The bit map image data only of the background 
image generated as mentioned above and the character code 
data recognized in the character recognizer 212 are 
arranged and synthesized as shown in Fig. 12 (S20) . The 
synthesis process depends on the format of output file. 
For example, in rich text format (RTF) or portable document 
format (PDF), the image data and character data are dealt 
as different objects. Then, as shown in Fig. 12, the image 
is arranged at the lower portion, while character code data 
overwrites the. image for synthesis. 



In the above-mentioned embodiment, characters on 
the background image in a document are separated into the 
character code data and the background bit map image, from 
which characters are deleted, and they are synthesized 
again to reproduce the document. Therefore, the system has 
following advantages . 

(1) The encoded characters are not reproduced 
doubly with the character image, and the output image 
reproduces the background of the document. 

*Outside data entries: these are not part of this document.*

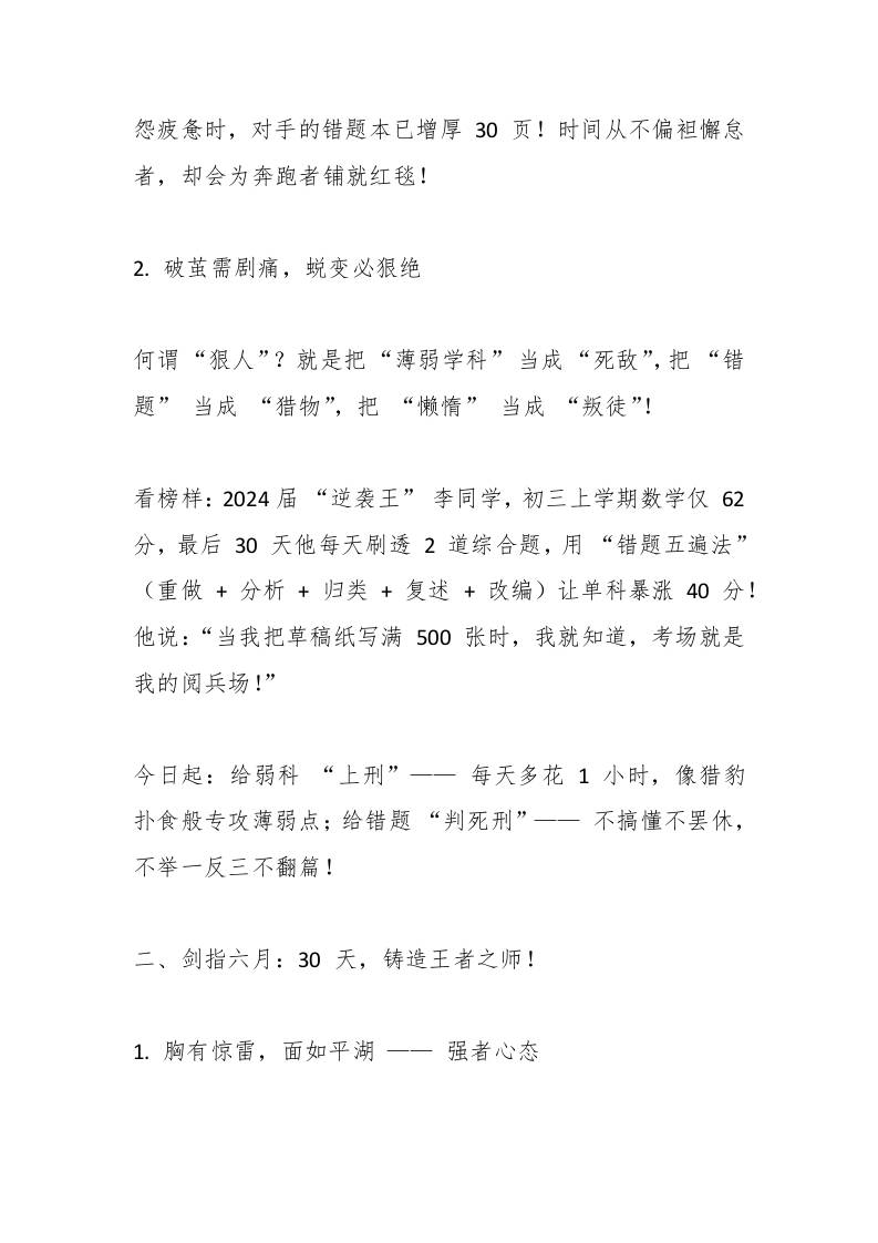 2025年中考倒计时30天,校长讲话:战鼓催征,剑指巅峰! 07-05 发言稿 1.08k ——预览已结束,还剩5页未读——开通会员后可免费下载高清完整文档 资源下载此资源下载价格为15米,VIP免费,请先登录 资源下载下载价格15 米VIP免费请先登录 0 0
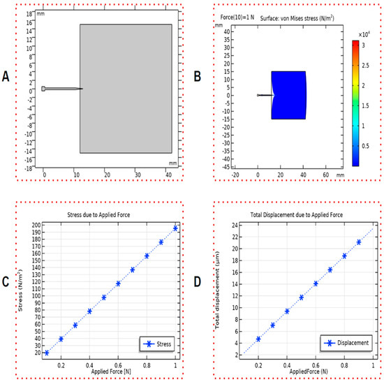 (A) A simulation model of needle and tissue. (B) Represents rupture and deformation events that occurred due to applied force. Tissue deformation and stress are caused around the area of the needle tip. (C) Measuring the tissue stress around the needle tip. Stress is increasing proportionally due to the force. (D) The tissue displacement (μm) around the needle tip from the initial position.
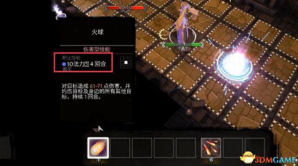 若要使用技能,先点击技能栏中的技能,此时地面显示黄色方格,表示技能范围。

(2) Further, because characters on the background 
can be encoded, the output character image can be read 
easily, the character size can be changed, or the 
characters can be used for search. 

(3) Still further, data in the background can be 
used again. For example, when the characters are modified, 
a document having the same background can be generated. 

(4) Because character image data having a 
changing color is not converted to character code data, 
erroneous recognition of non-characters as characters can 
be decreased. 

Although the present invention has been fully 
described in connection with the preferred embodiments 
thereof with reference to the accompanying drawings, it is 
to be noted that various changes and modifications are 
apparent to those skilled in the art. Such changes and 



modifications are to be understood as included within the 
scope of the present invention as defined by the appended 
claims unless they depart therefrom.